The True Story About A Buyer’s Market

Word Count:
804

Summary:
Every now and then you hear on the television, or through passing, or even in daily conversation how the real estate market is always changing. The markets can change from city to city and state to state. You hear terms such as “it's a buyer's market,” or “it is soon going to be a seller's market,” and “it's a hot market.”

Everyone understands, simply by the description of the terms, that a buyer's market means the market is best for buyer's to be purchasing property. A se...


Keywords:
commercial real estate, buyer’s market, seller’s market, real estate, residential real estate, investment


Article Body:
Every now and then you hear on the television, or through passing, or even in daily conversation how the real estate market is always changing. The markets can change from city to city and state to state. You hear terms such as “it's a buyer's market,” or “it is soon going to be a seller's market,” and “it's a hot market.”

Everyone understands, simply by the description of the terms, that a buyer's market means the market is best for buyer's to be purchasing property. A seller's market means the market is best for seller's to be selling their property. And hot market, is often used by investors to describe a market where there is a lot of investment activity and excellent land prices. This ultimately means increased return on investment for commercial real estate investors.
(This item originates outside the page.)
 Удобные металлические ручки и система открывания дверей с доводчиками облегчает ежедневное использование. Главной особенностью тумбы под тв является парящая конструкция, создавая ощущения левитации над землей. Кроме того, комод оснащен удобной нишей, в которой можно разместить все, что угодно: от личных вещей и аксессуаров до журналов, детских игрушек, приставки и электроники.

So we know what these terms describe, but what about the true characteristics of a buyer's and seller's market? Does it differ from residential and commercial real estate? Let's look at these descriptions and what they really mean and how you can assess the market yourself and not have to rely on what the general public is talking about that specific day.

Many definitions of seller and buyer markets are very limiting. For example, a seller's market: a market which has more buyers than sellers. Low prices result from the excess of supply over demand. A buyer's market: a market which has more sellers than buyers. High prices result from excess demand over supply.
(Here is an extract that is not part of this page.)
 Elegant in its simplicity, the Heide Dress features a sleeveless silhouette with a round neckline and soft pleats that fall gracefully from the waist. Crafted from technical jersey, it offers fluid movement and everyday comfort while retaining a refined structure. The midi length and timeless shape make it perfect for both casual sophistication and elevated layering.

These definitions explain why each market is the way it is. However, what are the true ramifications?

Instead of using supply and demand, I prefer to describe these markets through power. Who has the power to call the shots- the purchase price for property.

With a buyer's market, the buyer has the power to dictate the purchase price. There are so many properties for sell, so many sellers, and not enough buyers for those properties. So if a seller really wants to part with his or her property, they are almost fighting over who is going to purchase the property.

The buyers are going to naturally ask for a lower price because the seller will need to come down in price to sell the property. They could try to hold out for a buyer who will pay them more. However, a buyer could simply move to another similar property that could cover their needs just fine, at a lower price. So with a buyer's market, they have the power to name the price and the seller's must succumb because otherwise, they won't be able to sell the property. That is how the prices are driven lower.

The opposite is true of a seller's market. In a seller's market the sellers have the power; they have the power to dictate the price. There are far more buyers than sellers so there is a limited supply of properties. The sellers can easily raise their prices because the buyers will have to pay more than the next buyer if they truly want o purchase a property. So prices in the market are driven higher as the sellers know they can get these prices.

So the type of market it is really has to do with power- who can call the price for a property. In the residential real estate markets, the type of market at a certain point in time is easy to determine. Are the housing prices rising or falling?

In commercial real estate, it is not so easy to determine. This is because there are so many different types of properties: development, building, rehab etc. Depending on your investment strategy and what you are looking for in a market, the terms buyer's market and seller's market do not hold as much value as the term “hot market.” A hot market is one where the purchase values are low and the return on investment is high. There is a lot of commercial real estate activity, a high population growth rate, and a growth strategy within the city. Then again, what one investor feels is a hot market is not a hot market to another investor.

Commercial real estate is a special case where the market cycle changes from city to city. And no matter what point in the cycle a city is experiencing, an investor with a specific investment strategy can find value within that specific market. That is a definite benefit of commercial real estate. You can always find value in commercial properties.

With this information, a person can decide when it is best time to sell or purchase a property and you can plan for it before hand. Review daily newspapers, housing and real estate magazines, and you morning news program to see if there are any noticeable changes in the real estate market.